In today’s digital marketing world, with so much information and tools at our fingertips, data analysis is more necessary than ever before. What better way to leverage this information than using what is essentially a correlation analysis? Correlation analysis allows you to measure the strength of the relationship between certain data points and actions (but not the cause). Using a linear regression analysis for marketing purposes can open up new doors and insights that you otherwise would not have discovered. Let’s look at what, why, and how you can you use this model to your advantage.
What is a Regression Analysis?
After reading this blog title, you may be thinking, “What is a regression analysis?” If you turned to Google, like the majority of us do, you were probably hit with this Google snippet:
“In statistical modeling, regression analysis is a statistical process for estimating the relationships among variables.” – Wikipedia definition of regression analysis
Great, but once again, “What is a regression analysis?” This time in common English, please!
A regression analysis is a way for us to measure the relationship of one variable to another. This allows us to see what factors of our marketing efforts relate to others. Exploring the relationship between different marketing outlooks and actions creates a foundation for eventually testing causality.
Here are some examples of how a regression analysis can be used for marketing purposes:
- Analyze if Social Engagement relates to Pageviews
- Discover whether E-mail Open Rates relate to Conversions
- Learn whether Page Authority relates to Organic Pageviews
Once we determine whether a relationship exists, we can dig deeper into the relationship to find out why.
How Do We Perform a Regression Analysis?
So first and foremost you’ll need graphing data software – we often use Tableau at SHIFT. You can easily access their free public software here. If you have any questions, feel free to sign up and use the Tableau slack channel. You can also use the R project or even common spreadsheet software.
Once you have that setup, you’ll want to collect the data based on what metrics you want to consider variables. In this exercise, we’ll use the first example listed above and analyze if Social Engagement drives Pageviews.
First, we collect our social media engagement data through the platform’s analytics, such as Facebook Insights and Twitter Analytics. You’ll want to ensure you have the URL to your domain’s site included and save it down to a spreadsheet. If you’re having trouble connecting the different platforms of data, try using VLOOKUP in Excel. Although the step-by-step walkthrough we linked to is regarding a media list, you can use this formula to link any data sets within your spreadsheet.
Next, we’ll want to export the Pageview data in Google Analytics. Go to Behavior > Site Content > All Pages. Highlight the timeframe that you are going to focus on whether it’s a month, quarter or year. Just ensure whatever time period you use for Pageviews, you use the same time frame for Social Engagement data.
Lastly, connect both datasets in Excel using the VLOOKUP formula. This is the final step in data prepping before using Tableau to perform a regression analysis.
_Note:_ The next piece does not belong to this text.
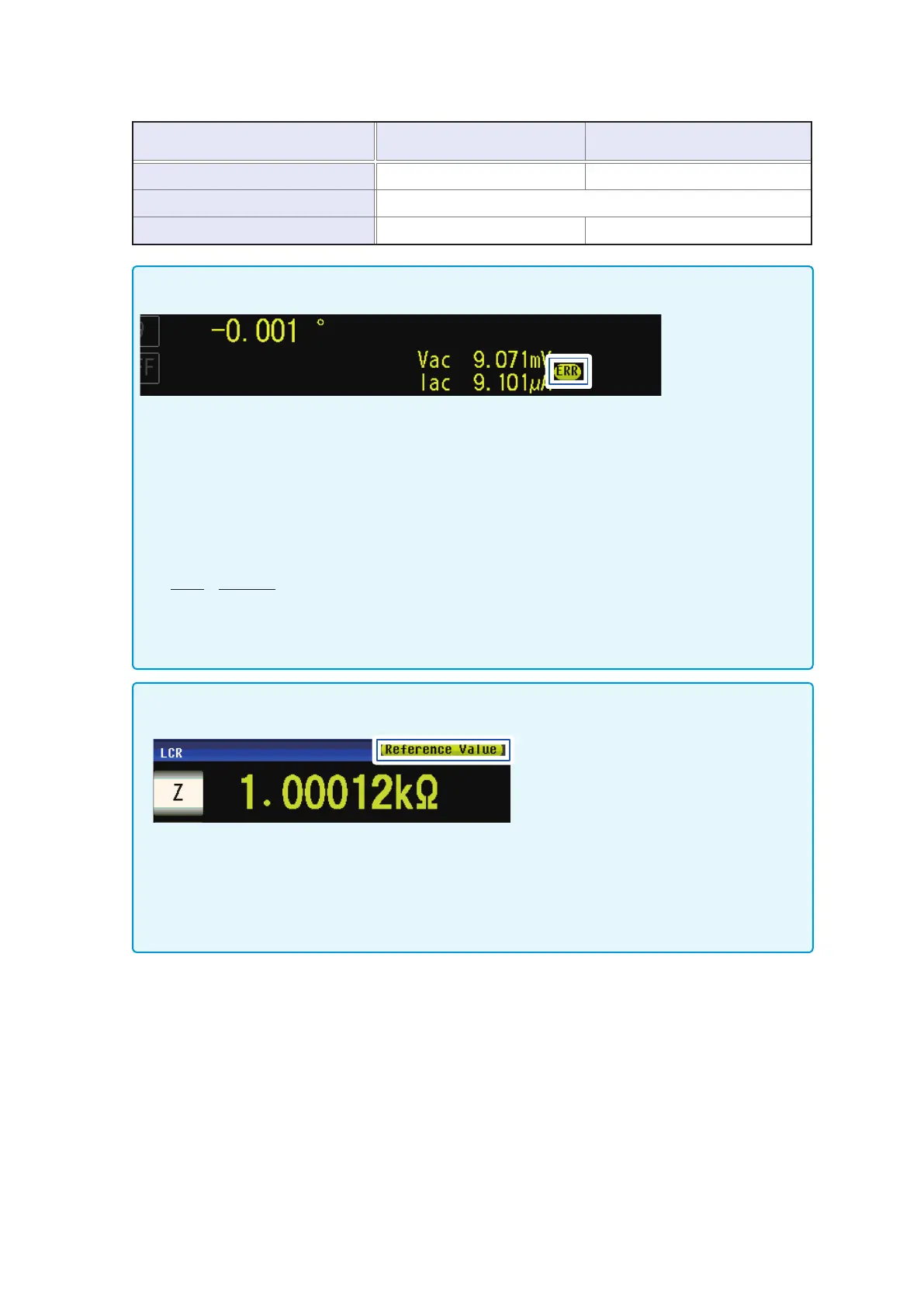 • When the measurement value is outside the guaranteed accuracy range, the following error massage ap-

When you connect this Excel to Tableau, select the scatter plot graph. Next, drag Pageviews to Columns and Total Social to Rows, followed by dragging URL onto the graph itself. From there, the dots in the scatter plot should populate. Once the blue circles appear, much like the image below, add the trend lines by going to Analysis > Trend Lines > Show Trend Lines.
So I have my data and my graph set up, now what? Hover over the grey trend lines and this information will appear:
We see two data points here, R-Squared and the P-Value.
The P-Value is the probability that our hypothesis – a relationship between these two variables – is true. Generally speaking, a p-value below 0.05 indicates statistical significance – our hypothesis has a reasonable chance of being true. Above, we see a p-value of 0.03, indicating statistical significance: our model is mathematically sound.
R-Squared represents how strong the correlation is, on a scale from 0 – 1. Anything above .85 is a strong correlation; the data fits closely to the line the software drew. Anything below .7 indicates very loose or no relationship; while the data and the line are going in the same general direction, it’s too loose to draw any useful conclusions. Above, we see that this data fits very poorly to the line. The relationship is quite weak.
There are a few insights that can be drawn from this data, even if it doesn’t support the claim that we want it to.
- We can drag and drop Engagement by Platform into Tableau to test different relationships. How many different combinations have low p-values and high R-squared values?
- Looking at the chart, we can see a handful of blogs that have garnered higher volumes of Pageviews with low volumes of social shares. This may be an opportunity to re-share these blogs on our platforms to gain more traction. Having posts appear in the top right quadrant of this graph, would mean these posts were optimized for both engagement and traffic.
- Are there other channels or mediums that are correlated with Pageviews? We can run a regression analysis on potential dimensions causing these Pageviews and garner insight.
Marketing has become a data-driven service and, as a result, we should all feel more comfortable pulling from our statistics knowledge bank. A linear regression analysis is a great stepping stone into the stats sphere and allows us to actually garner insight into different marketing metrics relationships.